America and Europe after 9/11 and Iraq: The Great Divide by Sarwar A. Kashmeri

By Sarwar A. Kashmeri

American international coverage towards Europe is merrily rolling alongside the trail of least resistance, within the trust that there's not anything quite amiss with the European-American dating that multilateralism won't repair. now not actual, argues Kashmeri. The alliance is lifeless, can't be mounted, and has to be renegotiated.

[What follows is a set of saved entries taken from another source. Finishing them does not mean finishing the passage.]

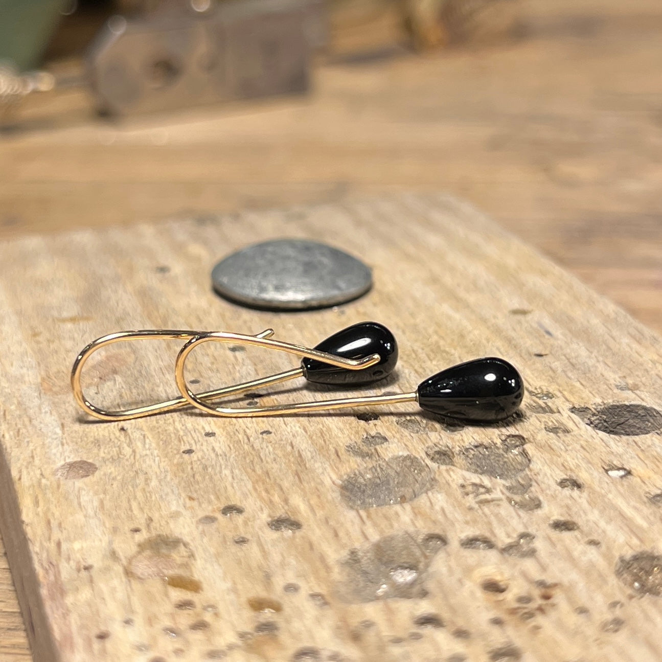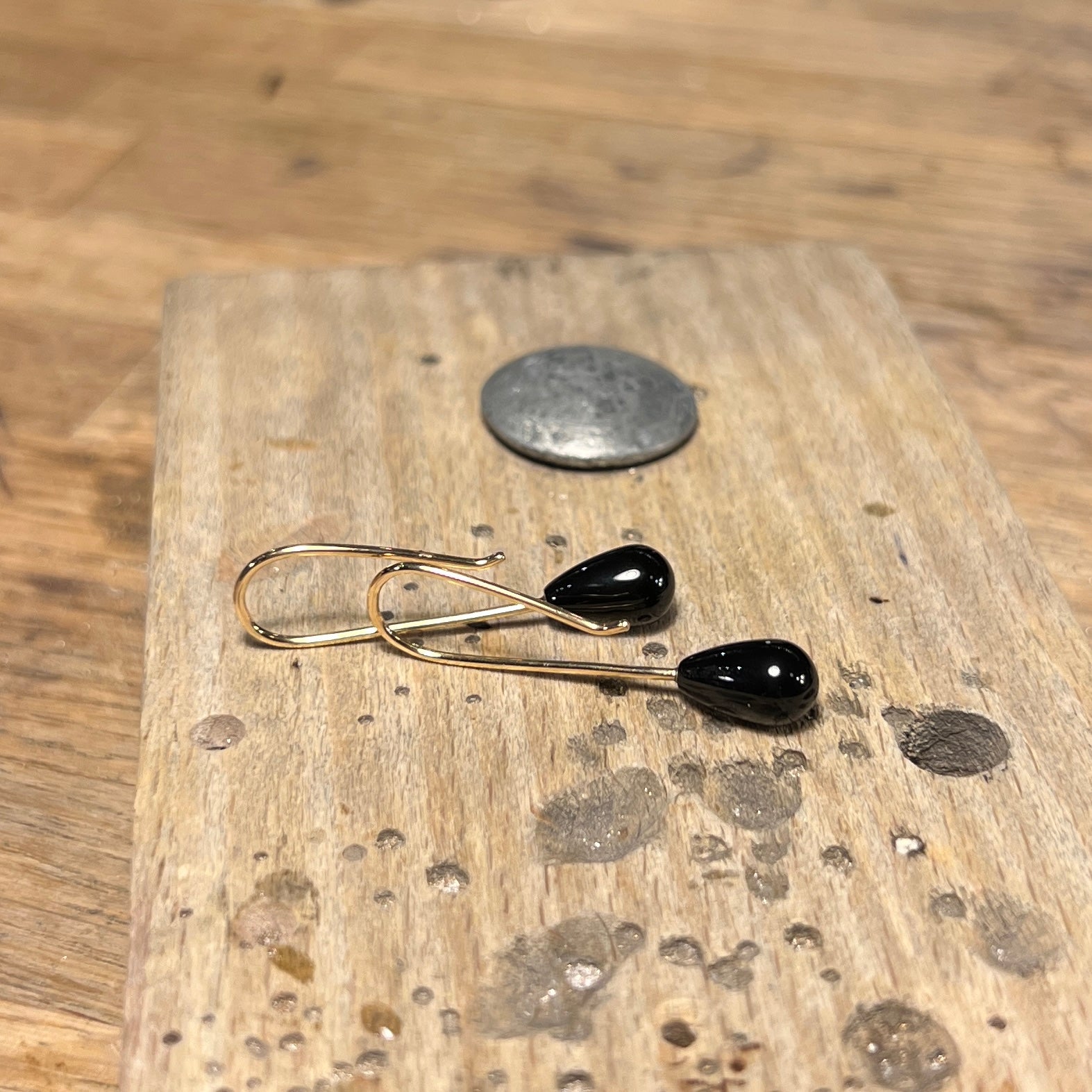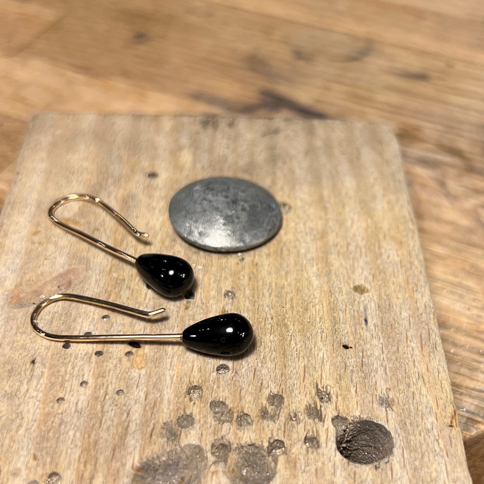 Guldørekroge med dråbeformede onyx 6 x 10 mm Den totale længde er 32 mm
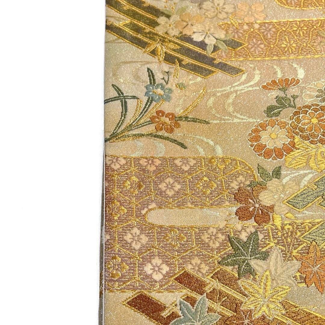 観世水とヱ霞に亀甲と立涌、菊花、椿、楓、の文様が織られた華やかなデザインの一着です。
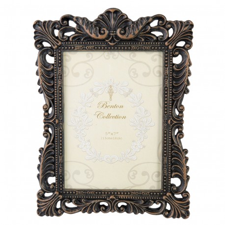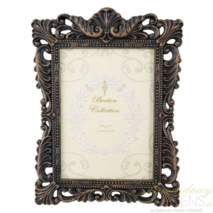 Barokowa ramka na zdjęcie o rozmiarze 10 cm na 15 cm. Ramka idealna do ustawienia na komodzie lub stoliku nocnym.
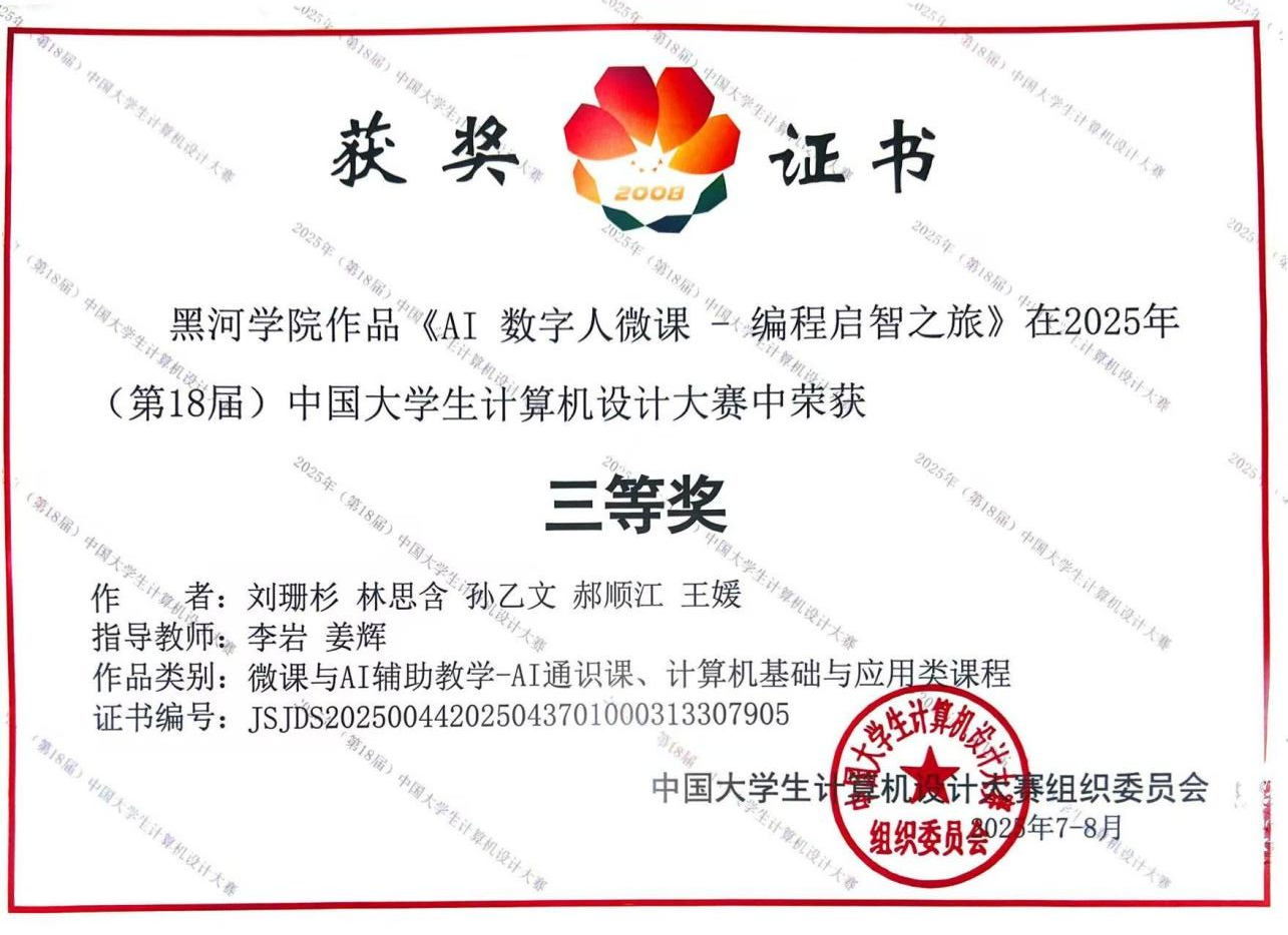 近日,2025年(第18届)中国大学生计算机设计大赛结果揭晓,学校学子刘珊杉等同学完成的项目《AI数字人微课-编程启智之旅》成功斩获全国三等奖。
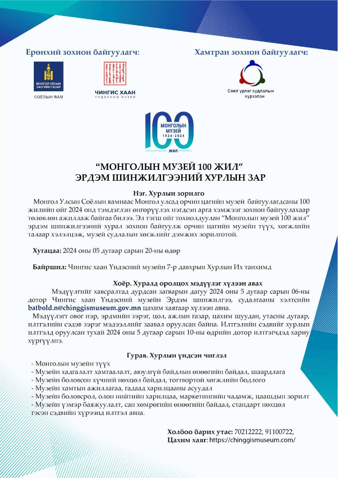 - Музейн үзмэр баяжуулалт, сан хөмрөгийн өнөөгийн байдал, стандарт нөхцөл гэсэн сэдвийн хүрээнд илтгэлийг хүлээн авна.
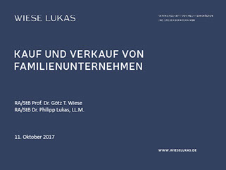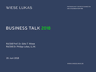 Focus Steuern und Unternehmensrecht: Der WIESE LUKAS Veranstaltungskalender 2017/2018 ist erschienen. Diesem können Sie Ankündigungen zu unseren hausinternen Workshops zu aktuellen Themen an der Schnittstelle von Steuern und Unternehmensrecht entnehmen. Wir laden Sie herzlich ein! Zudem sind Verweise auf Veranstaltungen anderer Organisationen, an denen wir als Mitveranstalter bzw. Referenten mitwirken, enthalten. Sollten Sie bislang kein Exemplar per Post erhalten haben, sprechen Sie uns gerne an. Wir freuen uns darauf, Sie zu unseren Veranstaltungen begrüßen zu dürfen.

It has now not grown to deal with Europe's emergence as an important energy. a type of usa of Europe, with international priorities diversified from these of the U.S., has arrived at America's doorstep. yet the United States remains to be forging international coverage for Europe utilizing chilly battle realities; either Democrats and Republicans count on the ecu Union to fall into step, and document for carrier as needed—under American leadership.

Europe, even though, has different plans, and because it turns into extra strong at the international degree, competing visions of ecu management have emerged. The Iraq warfare has introduced them into stark reduction. for instance, as Kashmeri issues out, the Atlantic divide over Iraq was once extra approximately French-British festival for management of Europe than it used to be a few department among American targets and eu targets. He portrays British international coverage as out of contact with fact, as a coverage that has performed a disservice to the us a result of Blair government's exaggerated and self-serving view of the British-American distinct dating. Kashmeri concludes with prescriptions for forging a brand new alliance in response to a unique dating with the eu Union. This time table is galvanized by way of the suggestions of the leaders who spoke to the writer particularly for this booklet, between them former president George H. W. Bush, former British major minister John significant, James A. Baker III, Wesley ok. Clark, Brent Scowcroft, Paul Volcker, U.S. Senator Chuck Hagel, and Caspar W. Weinberger.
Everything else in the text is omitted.